Re: Failure to dlopen libgomp due to static TLS data

2015-02-12 Thread Alexander Monakov
There's a pending patch for glibc that addresses this issue among others:
https://sourceware.org/ml/libc-alpha/2014-11/msg00469.html

([BZ#17090/17620/17621]: fix DTV race, assert, and DTV_SURPLUS Static TLS
limit)

Alexander


Re: GCC 5.0 and OpenMP 4.0 accelerator : Adapteva/Parallella board

2015-02-12 Thread Ilya Verbin
Hi,

On Wed, Feb 11, 2015 at 21:33:47 -0800, Nicholas Yue wrote:
> I would like to find out if this is the correct forum to
> ask/discuss about GCC 5's OpenMP 4.0 implementation, in particular
> the new accelerator feature which from what I understand, allows the
> compute to be offloaded to external GPU/accelerator.
> 
> I have a Parallella board (ARM dual core) which has an Adapteva
> chip (16 cores) and I would like to build a GCC 5 version for it.
> 
> I recall that the Adapteva is a supported CPU with GCC.

Currently offloading to Epiphany targets is not supported by GCC.

To support it, one needs to implement at least 2 things:

1. mkoffload tool, like gcc/config/i386/intelmic-mkoffload.c or
gcc/config/nvptx/mkoffload.c

2. libgomp plugin, like liboffloadmic/plugin/libgomp-plugin-intelmic.cpp or
libgomp/plugin/plugin-nvptx.c

  -- Ilya


Re: Failure to dlopen libgomp due to static TLS data

2015-02-12 Thread Ulrich Weigand
Alexander Monakov wrote:
> 
> There's a pending patch for glibc that addresses this issue among others:
> https://sourceware.org/ml/libc-alpha/2014-11/msg00469.html
> 
> ([BZ#17090/17620/17621]: fix DTV race, assert, and DTV_SURPLUS Static TLS
> limit)

Ah, indeed, that would fix the issue!  Thanks for pointing this out.
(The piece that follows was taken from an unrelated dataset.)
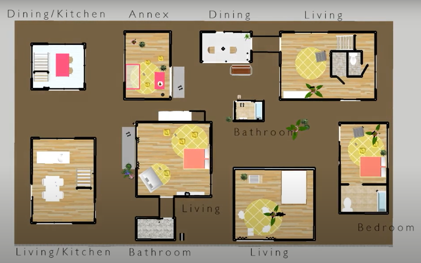 두 번째, 기능이 분리되어 있다. 어떤 건물에는 화장실, 주방, 침실 등 주거에 필요한 기능들이 모두 포함되어 있지만, 몇 곳은 기능이 분리되어 있는 형태를 가진다.

I see that the latest revision:
https://sourceware.org/ml/libc-alpha/2014-11/msg00590.html
has been pinged a couple of times already, so let me add another ping :-)

Bye,
Ulrich

-- 
  Dr. Ulrich Weigand
  GNU/Linux compilers and toolchain
  ulrich.weig...@de.ibm.com



Re: GCC 5.0 and OpenMP 4.0 accelerator : Adapteva/Parallella board

2015-02-12 Thread Jakub Jelinek
On Thu, Feb 12, 2015 at 06:42:17PM +0300, Ilya Verbin wrote:
> Hi,
> 
> On Wed, Feb 11, 2015 at 21:33:47 -0800, Nicholas Yue wrote:
> > I would like to find out if this is the correct forum to
> > ask/discuss about GCC 5's OpenMP 4.0 implementation, in particular
> > the new accelerator feature which from what I understand, allows the
> > compute to be offloaded to external GPU/accelerator.
> > 
> > I have a Parallella board (ARM dual core) which has an Adapteva
> > chip (16 cores) and I would like to build a GCC 5 version for it.
> > 
> > I recall that the Adapteva is a supported CPU with GCC.
> 
> Currently offloading to Epiphany targets is not supported by GCC.
> 
> To support it, one needs to implement at least 2 things:
> 
> 1. mkoffload tool, like gcc/config/i386/intelmic-mkoffload.c or
> gcc/config/nvptx/mkoffload.c
> 
> 2. libgomp plugin, like liboffloadmic/plugin/libgomp-plugin-intelmic.cpp or
> libgomp/plugin/plugin-nvptx.c

And likely
3. port libgomp to the epiphany which supposedly doesn't have pthread
support, but some other way to spawn threads (this is similar to nvptx).

Jakub


Re: Failure to dlopen libgomp due to static TLS data

2015-02-12 Thread Rich Felker
On Thu, Feb 12, 2015 at 04:18:57PM +0100, Ulrich Weigand wrote:
> Hello,
> 
> we're running into a problem related to use of initial-exec access to
> TLS variables in dynamically-loaded libraries.  Now, in general, this
> is actually not supported.  However, there seems to an "inofficial"
> extension that allows selected system libraries to use small amounts
> of static TLS space to allow critical variables to be defined to use
> the initial-exec model even in dynamically-loaded libraries.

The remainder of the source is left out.